サマリー
◆2025年12月26日に閣議決定された2026年度の政府予算案によると、国の一般会計の基礎的財政収支(プライマリーバランス、PB)は1.3兆円の黒字である。ただし、政府がこれまで目標にしてきたのは国・地方の国民経済計算(SNA)ベースのPB黒字化であり、一般会計とは範囲や基準が異なる。

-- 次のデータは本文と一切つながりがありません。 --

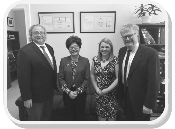
Met with representatives of the Canadian Dental Association in my Ottawa Office May 11, 2016

Why would the Liberals refuse to ask Canadians for their opinion on this important matter? If their position is so strongly supported, that result should be reflected in a referendum! Please let me know if you agree that no matter the change, a referendum is crucial.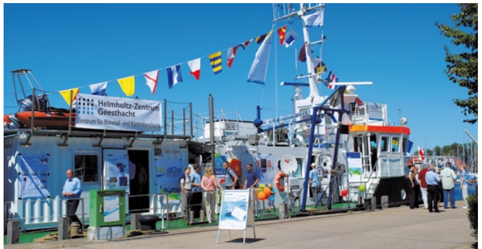
„Open Ship“ in the harbor Greifswald/Wiek

The Open-Ship Day, part of this year's "Research at Anchor" tour of the Helmholtz-Zentrum Geesthacht Center for Material and Coastal Research (HZG), was carried out in cooperation with RADOST and was dedicated to the topic of climate change adaptation. ...to be continued on page 3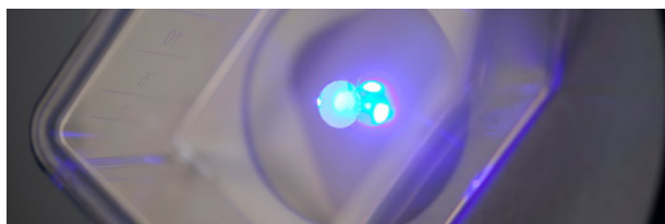
Figure 1: Fluorescent oxygen sensor in a tissue culture flask.

CSEM's optical oxygen sensors are based on the functionalization of thin mesoporous silica-based films with selective dye indicators such as ruthenium complexes. Thanks to their high porosity and surface area, the mesoporous sensing films have both a high optical density and fast response times. The sensing films can easily be produced using large-area industrial techniques. They are biocompatible, can be sterilized by autoclaving, and can be fixed to the inner surfaces of transparent disposable plastics, glassware or bioreactors. The only requirement is an optical access to sensing films in contact with the sample, and the oxygen concentration can be measured non-invasively through the wall of the container while avoiding any contamination of the sample (Figure 1).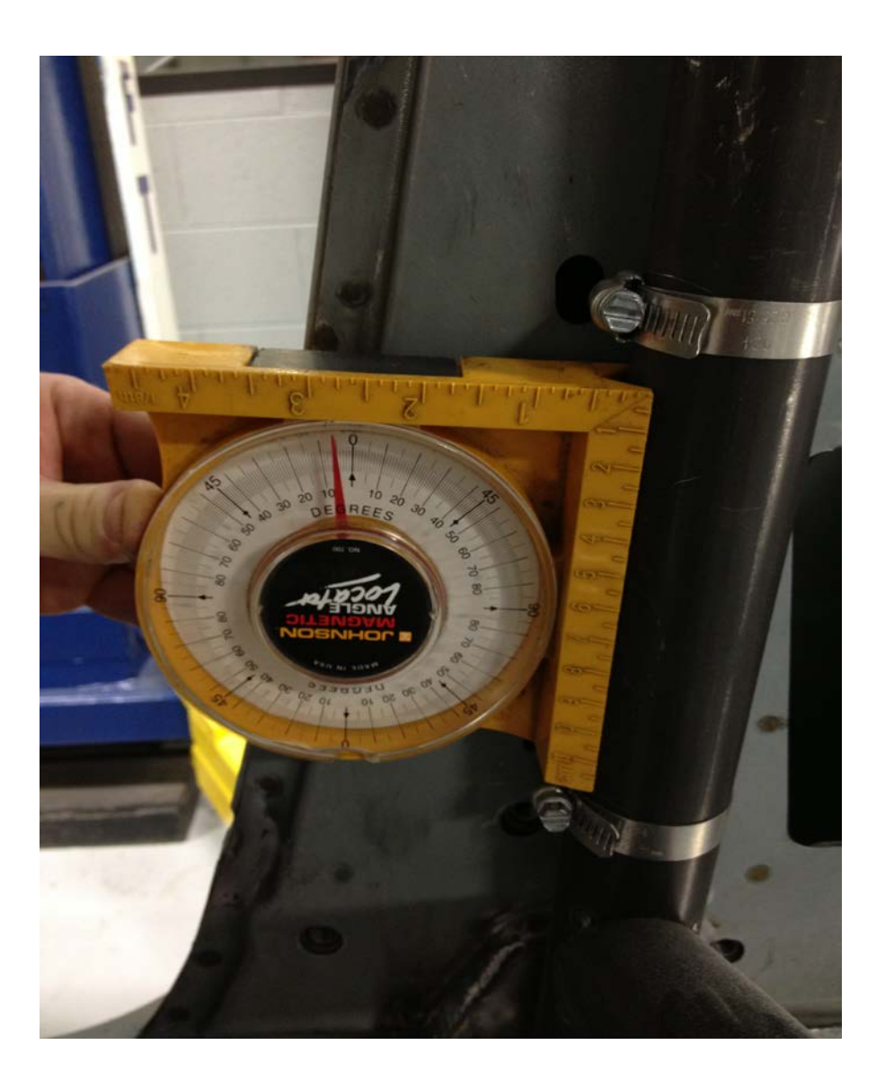
Shown above: Set main hoop tube number 7 at approximately 6.5°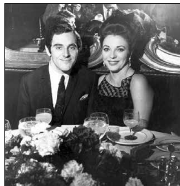
POWER COUPLE: Newley and Collins in 1969

Mercy Humppe And Find True Happiness? was "a confession of paedophilia". Newley directed and starred in the film as the leading character Merkin, while Dame Joan played the female lead Polyester Poontang.

◆SNAでは、特別会計や、過去の予算の歳出繰越分が考慮される。外国為替資金特別会計や交付税及び譲与税配付金特別会計、及び2025年度の補正予算の繰越分を反映すると、一般会計ベースと比べて、SNAベースの国のPBは7.9兆円程度悪化するとみられる。
◆地方(SNAベース)のPBは、地方財政対策などを考慮すると5兆円以上の黒字が予想される。国・地方(SNAベース)を合算するとPBは1兆円程度の赤字となるが、GDP比では0.2%程度で、概ね均衡するとも考えられる。
◆ただし、例年は年度の途中に補正予算が編成され、特にコロナ禍後はそれが巨額になっている。2026年度の補正予算も巨額になれば、たとえ現時点でPB均衡が予想されていたとしても、最終的には明確な赤字になるだろう。